Now we are ready to solve the main problem. We claim that there is no such triple. Assume to the contrary that $$a^2+b^2+c^2=2013k(ab+bc+ca)$$ for some positive integer $k$.

First, without loss of generality we can suppose that $a$, $b$ and $c$ have no common factor, because if $(a,b,c)=d>1$, we can divide them by $d$ to get a new triple with no common factor.
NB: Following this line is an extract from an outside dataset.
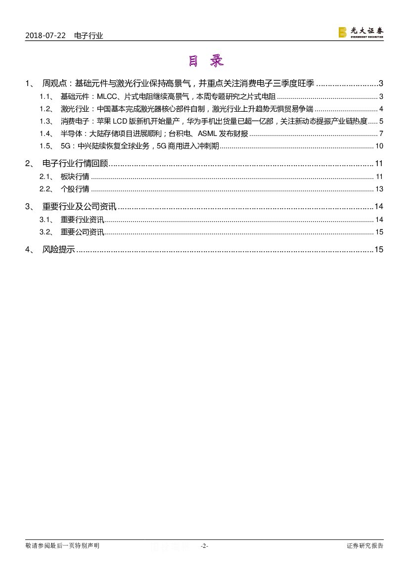 光大证券:电子行业周报:基础元件与激光行业保持高景气,并重点关注消费电子三季度旺季.pdf

We have $(a+b+c{)}^2=(2013k+2)(ab+bc+ca)$. $2013k+2\equiv 2(\mathrm{mod}3)$, so by lemma 1 there is some prime number $p\equiv 2(\mathrm{mod}3)$ such that $p^{2n+1}\nmid 2013k+2$ ($n\ge 0$). $$\begin{array}{rl}{p}^{2n+1}\nmid 2013k+2& \Rightarrow p^{2n+1}|(a+b+c{)}^2\Rightarrow p^{2n+2}|(a+b+c{)}^2\\ & \Rightarrow p^{2n+2}|(2013k+2)(ab+bc+ca)\Rightarrow p|ab+bc+ca.\end{array}$$ As a result, $p|a+b+c$ and $p|ab+bc+ca$. Hence $$\begin{array}{rl}0& \equiv ab+bc+ca\equiv ab+c(a+b)\equiv ab+c(-c)(\mathrm{mod}p)\Rightarrow ab\equiv c^2(\mathrm{mod}p)\\ & \Rightarrow c^3\equiv abc(\mathrm{mod}p).\end{array}$$ By a similar argument, $a^3\equiv b^3\equiv abc(\mathrm{mod}p)$, so by lemma 2 we deduce $a\equiv b\equiv c(\mathrm{mod}p)$ and since $p|a+b+c$ and $3\nmid p$, we find that $p$ divides $a$, $b$ and $c$, which contradicts our assumption that $(a,b,c)=1$. $\square$